It is very possible that the animals are being well treated. I just don't think that one should market the business as being a money making machine.. I would gladly buy the business if I had the space but I don't see that this ad will get the "right" person involved...

Quebec is the capital of puppy mills I believe in Canada...

RtC


----------



## Nancy (Aug 22, 2008)

rtc said:


> Quebec is the capital of puppy mills I believe in Canada...
> 
> RtC


I think you're right and I think they are the capital of uncaring hedgehog breeders as well.


----------



## shaelikestaquitos (Feb 2, 2010)

Hey guys, I live in Montreal.

Puppy mills and other animal mills are a HUGE problem here, there are petitions every summer to stop them... so far with no success.
It also does not help that we have the loosest animal cruelty laws in all of Canada, so a lot of "breeders" get away with a lot.
Arranging a raid would be very difficult here, because the Montreal SPCA has been accused of fraud and other such things.
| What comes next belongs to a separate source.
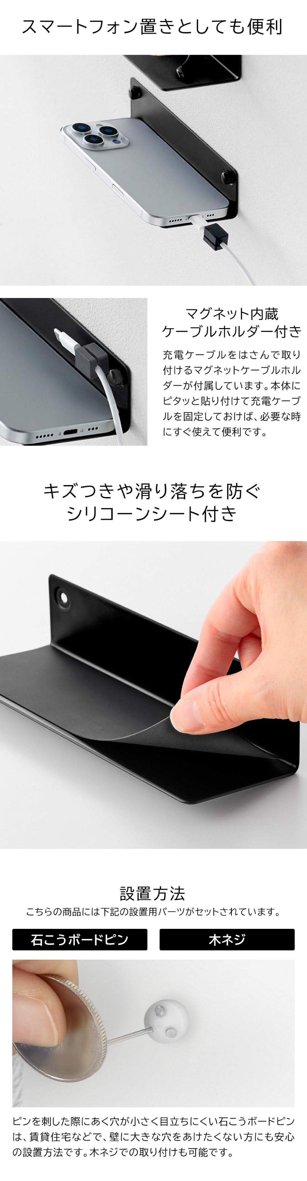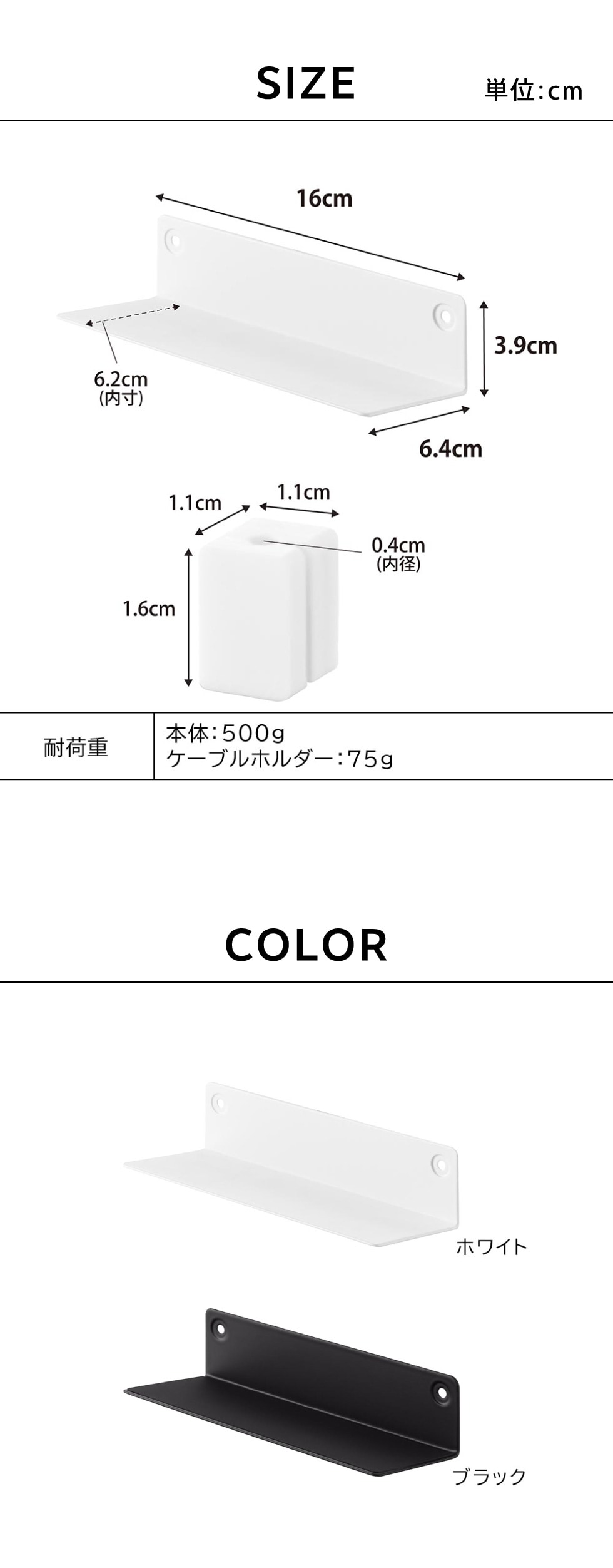 内寸サイズ 棚板:W16×D6.2cm ケーブルホルダー:内径4mm |

In short, not only are their awful breeders, but there are also awful shelters here too.

I volunteer for a no-kill, nonprofit animal shelter here, and they're in debt because people around here don't care enough to support the independent animal shelters.

I could try arranging something, but I highly doubt it will be of any success.

I was thinking of starting a hedgehog rescue organization here, so if anyone in Montreal is interested, please contact me!


----------



## LizardGirl (Aug 25, 2008)

> Arranging a raid would be very difficult here...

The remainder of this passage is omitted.